Data ▸
--- START ---

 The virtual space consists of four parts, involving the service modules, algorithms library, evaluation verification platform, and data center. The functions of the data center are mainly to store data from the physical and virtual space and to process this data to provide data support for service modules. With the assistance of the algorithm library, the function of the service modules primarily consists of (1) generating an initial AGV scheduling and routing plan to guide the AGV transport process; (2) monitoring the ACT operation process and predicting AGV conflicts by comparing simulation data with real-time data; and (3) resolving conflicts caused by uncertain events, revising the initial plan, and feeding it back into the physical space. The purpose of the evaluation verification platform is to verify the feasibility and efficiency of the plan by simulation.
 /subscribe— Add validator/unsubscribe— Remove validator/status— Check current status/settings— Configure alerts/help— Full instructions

--- END ---
--- START ---

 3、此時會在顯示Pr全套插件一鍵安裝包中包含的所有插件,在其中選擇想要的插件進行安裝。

--- END ---

Problem details ▸ With the line that has "The virtual space" as the first and the line that has "alerts/help— Full instructions" as the last, repeat exactly that run of lines above and no more.

Written solution ▸
 The virtual space consists of four parts, involving the service modules, algorithms library, evaluation verification platform, and data center. The functions of the data center are mainly to store data from the physical and virtual space and to process this data to provide data support for service modules. With the assistance of the algorithm library, the function of the service modules primarily consists of (1) generating an initial AGV scheduling and routing plan to guide the AGV transport process; (2) monitoring the ACT operation process and predicting AGV conflicts by comparing simulation data with real-time data; and (3) resolving conflicts caused by uncertain events, revising the initial plan, and feeding it back into the physical space. The purpose of the evaluation verification platform is to verify the feasibility and efficiency of the plan by simulation.
 /subscribe— Add validator/unsubscribe— Remove validator/status— Check current status/settings— Configure alerts/help— Full instructions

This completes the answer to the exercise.